Olivia Tillman is the fourteen year old daughter of Betty and Walter Tillman. He is the pastor of First Baptist Church of Christ. Robert and Matt move to Boaz in June 1970, and before high school begins in mid-August, Matt and Olivia become fast friends. Olivia’s life is centered around her faith, her family, and her friends. She is struck with Matt and his doubts and vows to win him to Christ. Over the next year, Matt and Olivia’s relationship blossoms into more than a teenage romance, despite their different religious beliefs.
June 1971 and Matt’s return to Chicago comes too quickly, but the two teenagers vow to never lose what they have, even promising to reunite at college in three years after Olivia graduates from Boaz High School.
The Boaz Secrets is told from the perspective of past and present. The story alternates between 1970-1971, and 2017-2018. After Matt left Boaz in June 1971, life happened and Olivia and Matt’s plans fell apart. However, in December 2017, their lives crossed again, almost miraculously, and they have a month in Boaz to catch up on forty-six years of being apart. They attempt to discover whether their teenage love can be rekindled and transformed into an adult romance even though Matt is 63 and Olivia is 61.
In 2017, Olivia and Matt are quick to learn they are vastly different people than they were as fifteen and sixteen year old teenagers– especially, when it comes to religion and faith. Will these religious differences unite them? The real issue is the secret Olivia has kept. Will Matt’s discovery destroy any chance he and Olivia have of rekindling their teenage relationship?
Chapter 24
December 23 & 24, 2017
The email arrived at 4:19 a.m. Saturday morning. I didn’t see it until sunrise. I was sitting out on the front porch in the swing in two layers of clothes and my sleeping bag draped over me. There was a light dusting of snow on the untraveled street and sidewalk. It was the coldest I could ever recall from my time here in the South.
Jerry’s lab time had been delayed until yesterday. Jerry was as terse as always, ‘match and no match.’ What the hell did that mean? I almost missed it. Two lines below his professional signature including the University’s address, two phone numbers, and a web address, he had written, ‘Call me. Now.’

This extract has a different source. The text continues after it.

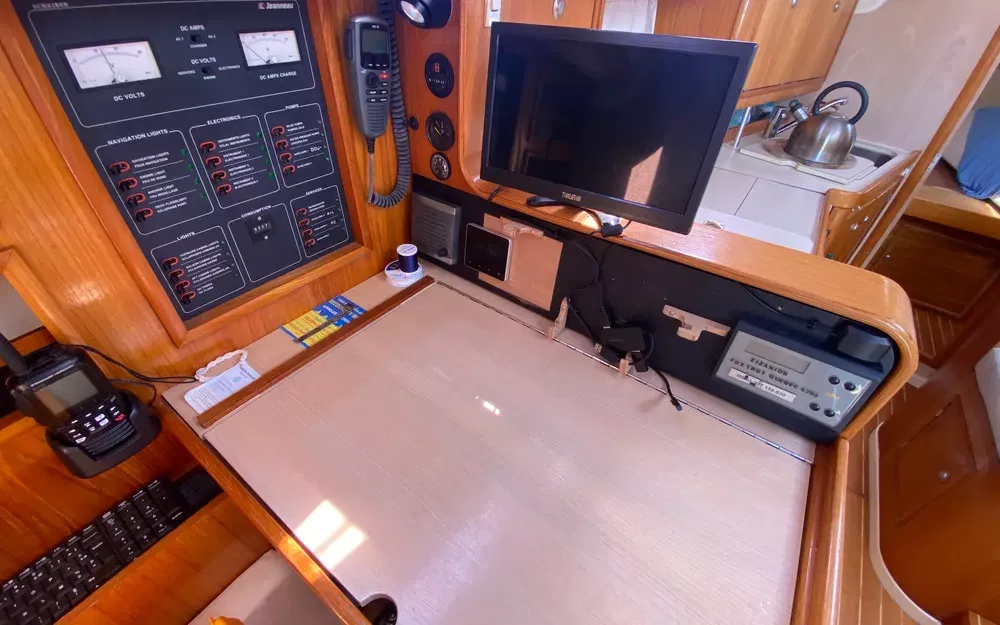 Compas, VHF intérieure fixe, speedomètre, girouette-anémomètre, sondeur, loch, pilote automatique

Then, it made sense. I hadn’t been able to sleep inside. Earlier this morning, I had awoken. At first, I thought I had been dreaming, a mysterious hand was writing on the side of the house. It turned out it was a tree limb screeching against my bedroom window. The dream had returned quickly. It was like the walls were shrinking and compressing against me. I believed I was smothering. That feeling had led me out here. Now, I knew someone, something, had been trying to communicate with me, motivating me to read what, no doubt, was a life-changing email.
My hands were too cold to call Jerry. I had barely been able to read his email on my iPhone. I walked back inside and threw my sleeping bag back into my bedroom and returned to the den to stand by the three-brick gas heater. I warmed my hands and then pulled my phone from my pocket.

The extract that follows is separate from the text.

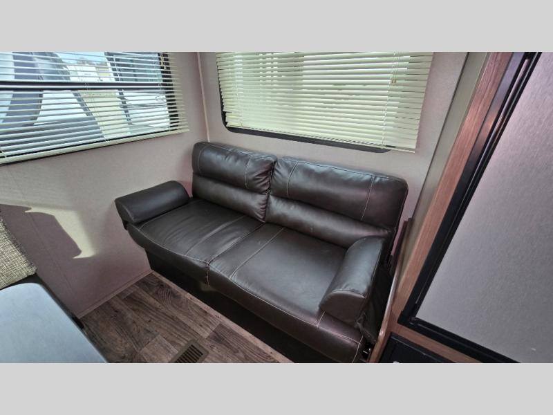 For any trip, whether near or far, you will want a Hideout fifth wheel, travel trailer, or toy hauler by Keystone RV. These models are lightweight which makes them easy to hook up and tow. Just load up your belongings and head out for a weekend away in your own Hideout retreat. A few key features inside of each model include: pleated shades in the living area, a high-rise faucet in the kitchen, and full-strutted storage under the master bed, and the exterior is just as indulgent with its powder-coated I-beam frame, exterior speakers, black radius window frames, Tru-fit™ five point slide-out construction, and the lighted adjustable power awning. Don't wait any longer to enjoy your own private hideout with the Keystone Hideout!

“You’ve got yourself a little mystery.” Those were Jerry’s first words. He didn’t say, ‘hello, how are you, or don’t you know it’s nearly Christmas.’
“How can the original two samples I sent you both match and not match the last one, the one I overnighted you two days ago?” I said stepping back from the heat and sitting down onto the Alabama beanbag chair.
“Matt, you’re sounding like a first-year graduate student. Think. It’s simple. One sample matches, the other one doesn’t.” I’m normally not this slow. I was almost mad at myself for missing the obvious. Either John or Paul’s DNA matched John Ericson and the other one didn’t.”
“You still there?” Jerry asked.
“Was it sample A or B that matched sample D?” I had not disclosed names to Jerry. I had simply labeled the four samples I had sent him, A, B, C, and D. John Cummins was A, Paul Cummins was B, I was C, and Danny Ericson was D. In Jerry’s first test he had determined that neither John or Paul Cummins’ DNA matched mine. In this second test, John Ericson wasn’t the father of the twins. Twins? I still wasn’t thinking. John and Paul Cummins cannot be twins.
“Sorry Jerry, my mind is frazzled. It’s the cold. No, probably it’s Alabama. Reasoning is nearly forbidden when you cross the line from Tennessee. It’s always been two things and only two things, God and football. More recently, it was three, Roy Moore’s brand of Republicanism, football, and God.”
“I suspect you want to know. A matches and B doesn’t. A and D are as perfect a match as you will get. There’s only a 1 in 65 billion chance they don’t match.” Jerry said. I knew he was tired and certainly wasn’t a chatter.
“Jerry, I owe you my firstborn child and half my next lottery winnings. Is there one more big favor buried deep in your heart?” I had to ask.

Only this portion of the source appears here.